One next step after this PR could be to split the function into two overloads - one of which applies to generator type data, and the other to all the rest.

The more important next step should be the introduction of a dtype kwarg so we can get #7277 fixed.

Just a guess, but that might be for stochastic optimization? If so, that generator could even be infinite.
Why not (floatX(value) for value in generator)?

If the output can be a generator, the type signature is wrong

No, even with a generator, the returned value is a TensorVariable:

I see some black magic.

aseyboldt · 2024-05-17T08:39:51Z

Couldn't the observed value be supposed to be an integer?

michaelosthege · 2024-05-17T14:40:10Z

Couldn't the observed value be supposed to be an integer?

Yes, in that case it will result in a NumPy array too:

>>> type(pm.floatX(5))
<class 'numpy.ndarray'>

aseyboldt · 2024-05-20T14:32:25Z

I meant that it might be an array (pytensor or numpy) with integer dtype. Unless I'm missing some context we can't just convert that to a float type.

michaelosthege · 2024-05-21T18:41:38Z

I meant that it might be an array (pytensor or numpy) with integer dtype. Unless I'm missing some context we can't just convert that to a float type.

If you follow the branching, you'll find that we made that conversion all the time already.

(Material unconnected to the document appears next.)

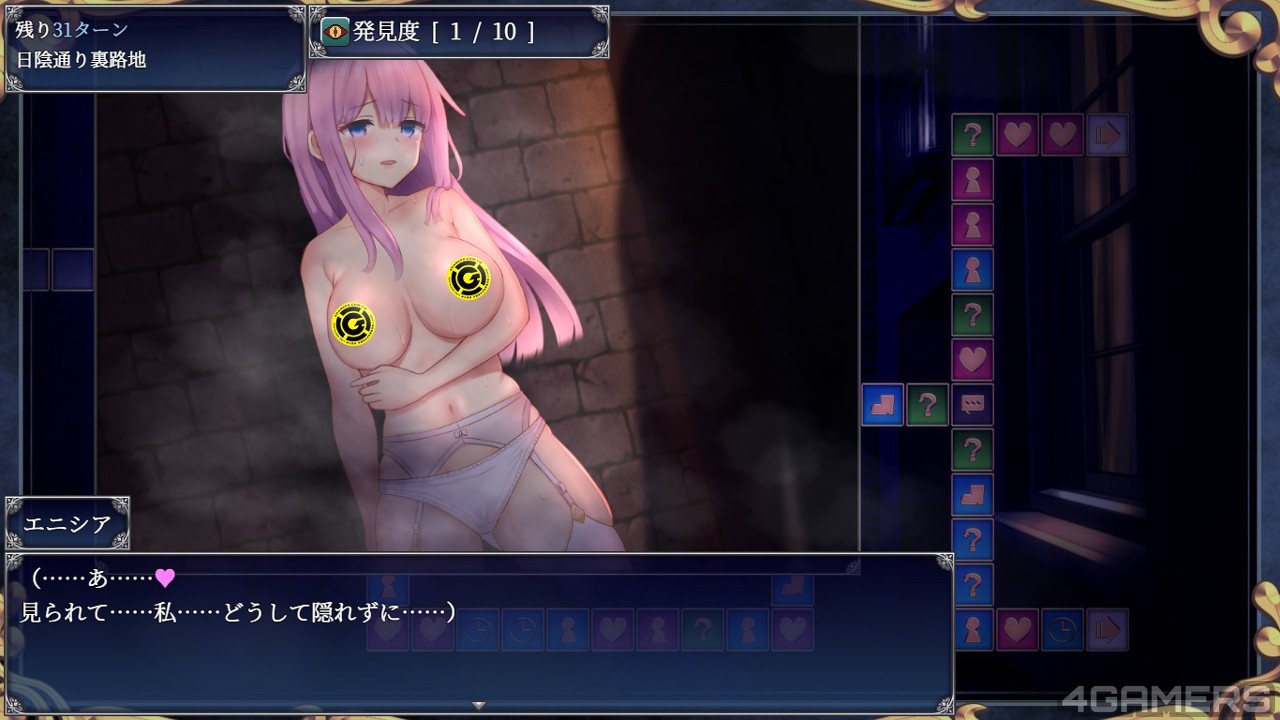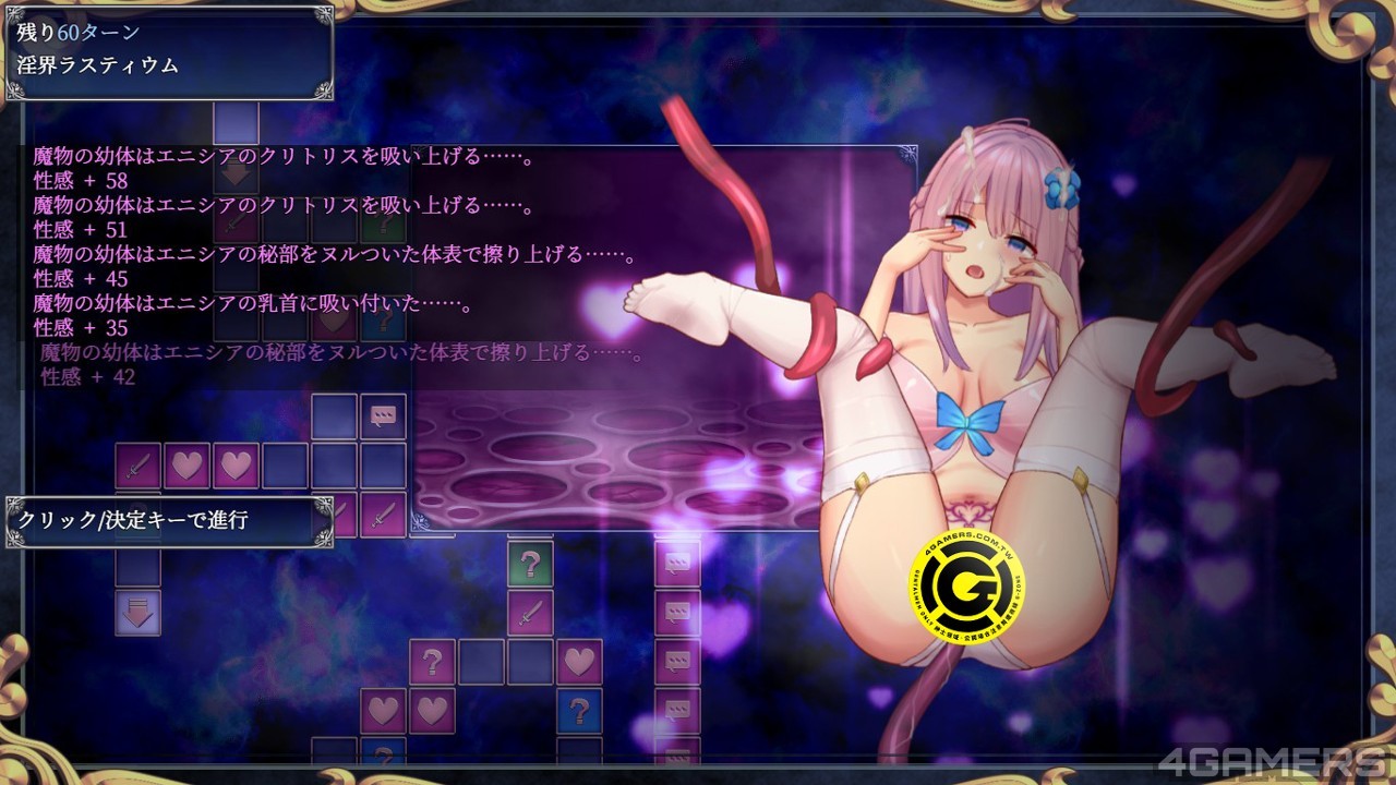 在冒险或是日常活动的同时,「艾妮西亚」有意无意之间会受到性方面的刺激,例如说地城出现的催淫瓦斯,老是喜欢掀裙子的正太,喝醉毛手毛脚或是灌妳酒的酒店客人,以及晚上会出现的痴汉。

In my opinion we should merge this and continue adding a dtype kwarg to fix #7277.

The whole "preparing generator data for VI" should be refactored. I would probably even give it it's own pm.GeneratorData container.
This is not the scope of this PR though.

If y'all agree I can take the first step towards putting generator data into a pm.GeneratorData container. (to_graphviz style, deprecation warning, ...)

aseyboldt · 2024-05-22T13:39:21Z

If you follow the branching, you'll find that we made that conversion all the time already.

Sorry, I don't know what you mean. Can you point me to an example? I don't think we are converting data that a users specified as an int type to a float type automatically, do we?

michaelosthege · 2024-05-22T14:11:02Z

If you follow the branching, you'll find that we made that conversion all the time already.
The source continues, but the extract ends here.